Day 678
Day 678
April 29, 2024
It is lonely out in space.
The Anfaq Confederacy admired my piloting skills. They did not admire my political opinions. Couple this dichotomy with my severe stubbornness and I am the ideal candidate for long voyage transports.
Thus, I have an indentured contract for a one way haul from Homeworld to Andros-5, in a sublight freighter. My ETA is 30+ years and my cargo is high level radioactive waste that (should) become low level radioactive waste (mostly higher weight transition elements). My bulkheads are sealed as well as my fate. I will spend the majority of my life alone, childless, and (eventually) contaminated. I have a recycler for breathable air, a water reclamator with a few spare parts, and a freezer for recycled food. I can maintain all three with a little skill and a lot of hope. Should I require assistance, I might be able to fix the transmitter.
Then again, I cannot fix the apathy of the people who would need to listen.
In essence, I am persona non grata.
Except on Day 678.
My nav system detected another ship on an intercept course. It was a light raider class, used in the Dacryn Wars. Standard protocol was to answer the hails to identify my point of origin and destination so as to avoid a boarding party search and pillage. Since I have no working transmitter or receiver, I await the inevitable.
The raider pulls adjacent, matches speed, and begins its docking. I stand with my hands in a surrender position awaiting my fate.
I expect the worst to begin in less than a minute.
It is now thirty minutes and there is no boarding party. I keep hearing a tapping on the outer hull. The pattern repeats itself, two taps - pause - three taps - pause - two taps. I could break contact and suffer blaster fire if this is a ruse. Or I could don an EVA suit and meet the party (and my fate) half way.
I opt for the latter and am all the better for it.
Within ten hours, I have Lt. Simmons asleep on my bunk. He was wounded with proximity heavy blaster burns and must have made his escape in the raider. I can balm these with little difficulty. What I cannot treat are the scars from edged weapons and the blunt force trauma (hits/impacts) to his abdomen, legs, and arms.
In essence, Lt. Simmons has seen some combat.
His ship fares a little better.
His nav system works, but is incompatible with mine. His fuel system has failed, but his fuel tanks are full. He has no working transmitter, provisions, or supplies.
If he did not encounter me, he would have died in the ship.
Alone.
The good lieutenant awoke for a hardy meal of recycled carbohydrates, rehydrated in a salt water bath awash with a sprinkle of freeze dried vegetable matter. He thinks it is delicious. So did I on days 1 through 10.
He tells me of his life fighting for the side I was fighting against. He speaks of how things should be and not how they are. He thinks I am a volunteer for the Confederacy.
He is enamored by my circumstance and sacrifice. I am enamored by his build and blue eyes.
My bunk was engineered for one. Perhaps, one day, I will transmit a message to the manufacturer that the bunk's capacity may be doubled under “consensual” circumstances.
I have given birth to three sons, all who died in some war, somewhere.
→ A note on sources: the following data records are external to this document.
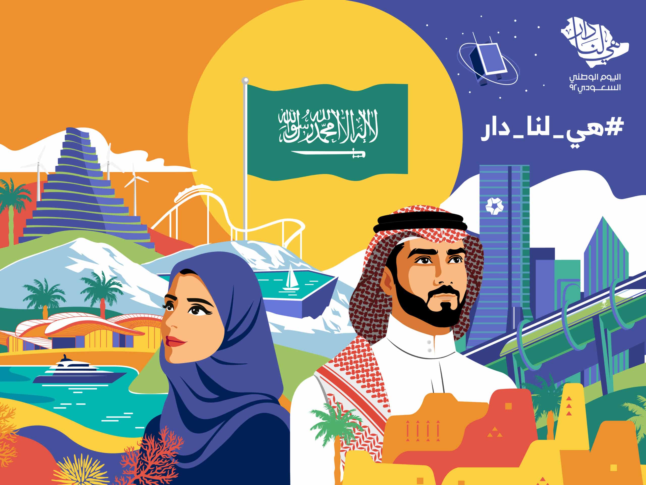 On this firm basis, the identity of the 92nd Saudi National Day this year, which is designed by the General Entertainment Authority, comes in the form of two combined slogans, one verbal and the other artistic, inspired by the ambitions and aspirations of the Saudis and their pride in belonging to this ancient nation. The identity takes its verbal slogan from the phrase: “It is our home” because of its sincere and deep connotations, as well as touching the conscience of the Saudis who used to describe their homeland as the home in many popular songs and poems that represent part of their heritage and present.
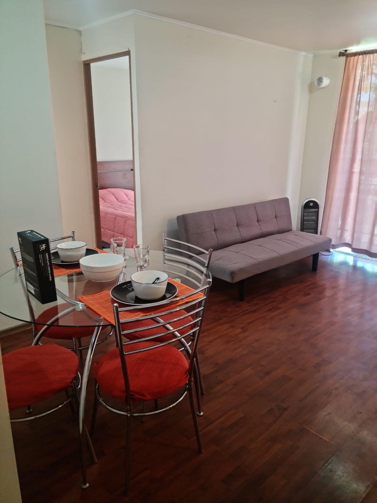 Komfortabel lejlighed beliggende 10 minutters gang fra centrum. Beliggende i et roligt boligområde, tæt på minimarkeder, pub, restauranter og med nem adgang til Ruta 5 Norte. Den har døgnportner, privat indendørs parkering, legeområde til børn, træningsmaskiner og cykelparkering. Få skridt fra byens hovedpark, Parque Ribereño, hvor du kan dyrke udendørs sport og nemt komme til offentlig transport
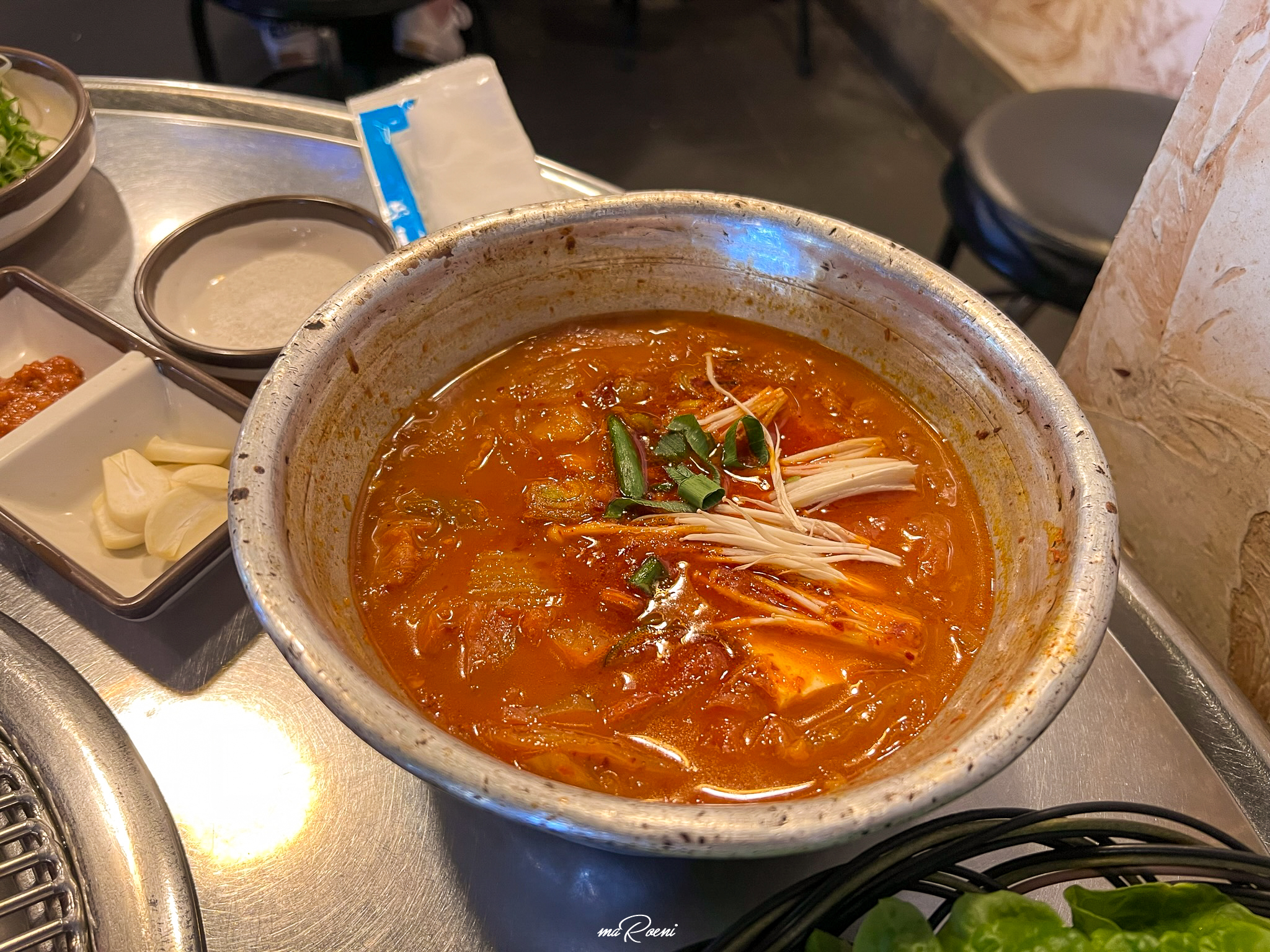 아 맞다! 다른 블로그 리뷰를 보니 여기서 고기는 안 구워 먹더라도 7,000원짜리 김치찌개는 꼭 먹어보라는 글을 봤었다. 아니 김치찌개가 맛있어봐야 얼마나 맛있다고 이걸 먹으라고 하는 건가 하는 생각에 주문을 해봤는데; OMG;; 진짜 개존맛이었다.
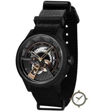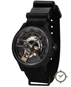 A Skeleton watch with a vintage-inspired 37mm case, crafted from stainless steel featuring a black dial with a unique skeleton open-worked with metallic bridges and a ribbed lower sector finish.
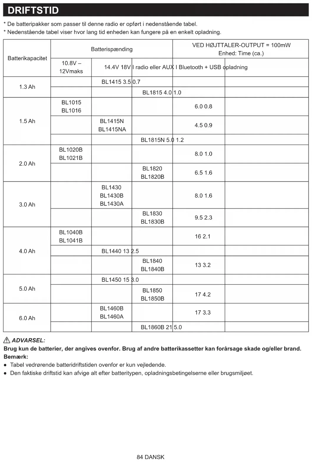 BL1860B 21 5.0 ADVARSEL: Brug kun de batterier, der angives ovenfor. Brug af andre batterikassetter kan forårsage skade og/eller brand. Bemærk: ● Tabel vedrørende batteridriftstiden ovenfor er kun vejledende. ● Den faktiske driftstid kan afvige alt efter batteritypen, opladningsbetingelserne eller brugsmiljøet.85 DANSK INSTALLATION OG STRØMFORSYNING ADVARSEL:
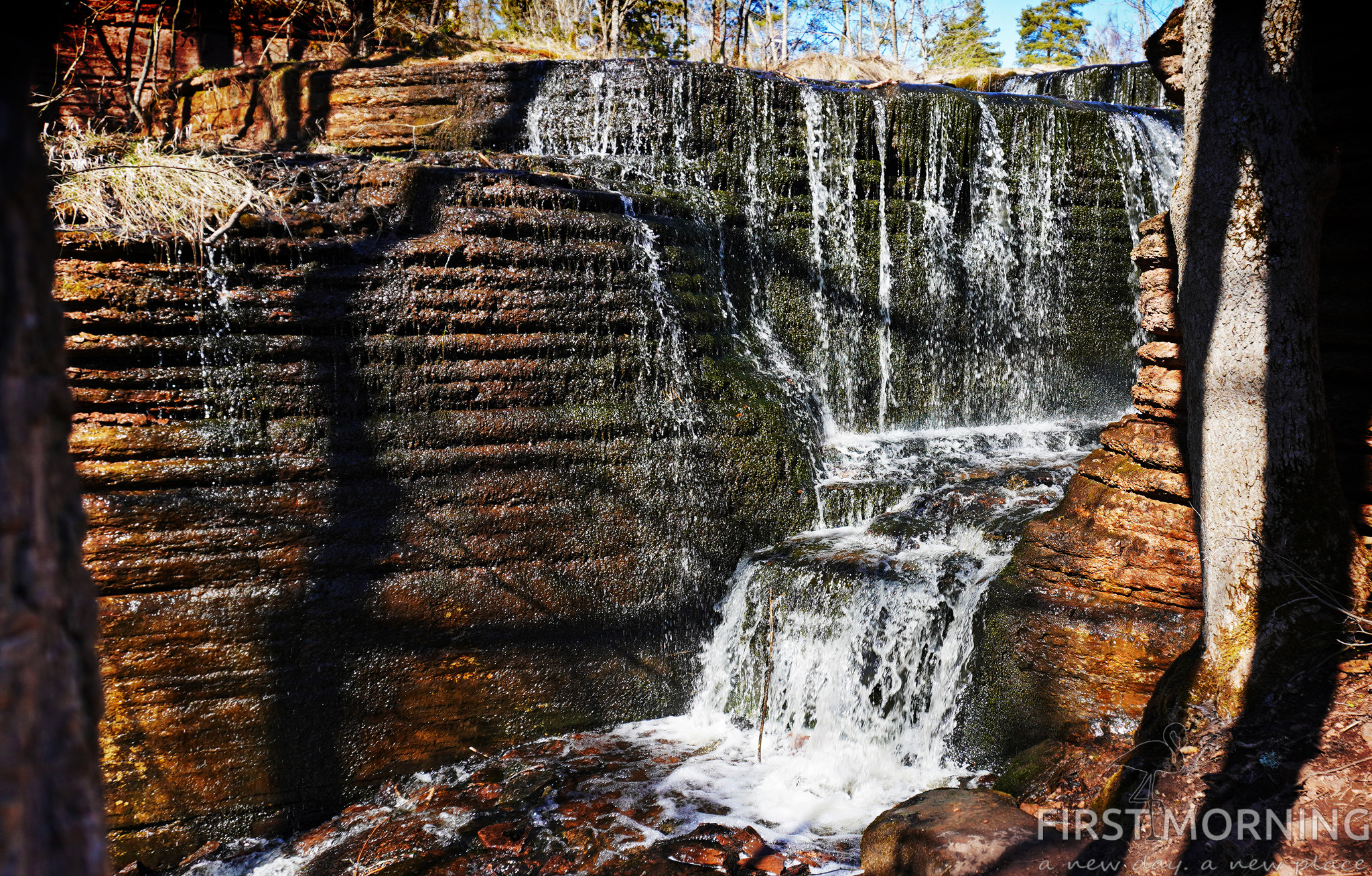När man nästan är framme finns det skyltar att följa. Man kan gå ner, upp och runt hela fallet.
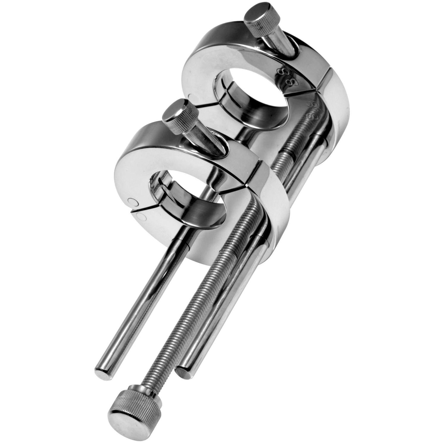 This extreme CBT device is one of the most intense ball stretchers we offer. Finely crafted out of smooth, gleaming stainless steel, it is designed to trap the scrotum and slowly stretch it out until you have reached the limits of what can be endured. Not for the faint of heart, this deviant piece is basically a rack for the balls. Secure both rings above the testicles, right at the base of the scrotum. Twist down the screws at the side of each ring to lock them in place. Then, slowly turn the large screw, which pulls the rings apart, stretching the scrotum between them. Not only do you get the sensation of the rings forcing your ball sack to stretch, but the weight of the piece itself creates a downward pull for even more pressure. Whether you slightly space the rings for gentle resistance for increased pleasure during stimulation, or test the limits of torture, this exquisite piece is sure to give you a lifetime of play.

I know when I am pregnant. Today, I will tell Lt. Simmons the good news and the bad news.
First, the good news. I will no longer have to be lonely. Life has a purpose.
Now, the bad news. Life has a purpose only for me.
The good lieutenant is dying from blood poisoning, courtesy the Anfaq Confederacy. Any soldier not in contact with command will be poisoned (most likely from his helmet, through his skin) preventing desertion or imprisonment.
It has been 10 days since he escaped and 10 days with me.
Lt. Simmons is dying fast.
Thus, I salvaged all I could from his raider. I have to think for more than myself. Even if I kept him on my freighter, someone would track my position and notice the error in my navigation. Even a first year cadet could calculate the mass required to make this error. When calculated to be in the range of 50 to 80 kg, first suspicions would be “stowaway”. First corrections would be annihilation.
Lt. Simmons is already dying. There is no need for the two of us to die also.
I gave him just enough fuel to maneuver away from me. He could overload the engines and await what was to come.
I pitched his singular “option” to him at knifepoint (his blaster did not work).
He understood his position. I walked him to the tethered airlock. He asked for a final kiss and received as good as he gave.
He might have given better had the knife not been pressed against his groin.
“What will you name the child?”
“If it is a girl, Misty. If a boy, then Bryan.”
“I like Misty. It is a strong name. Bryan, not so much. Perhaps Edward. That’s my name.”
He leaned close despite my southern hemisphere knife placement.
“Edward it is.”
I watched him enter his raider and disengage from the docking post. His face appeared in the window as I began moving away.
I know a little lip reading, a skill I learned while being a forward observer.
I pointed to myself and mouthed, “Misty”.
As he floated away, I did not see his reply.
In retrospect, It no longer mattered.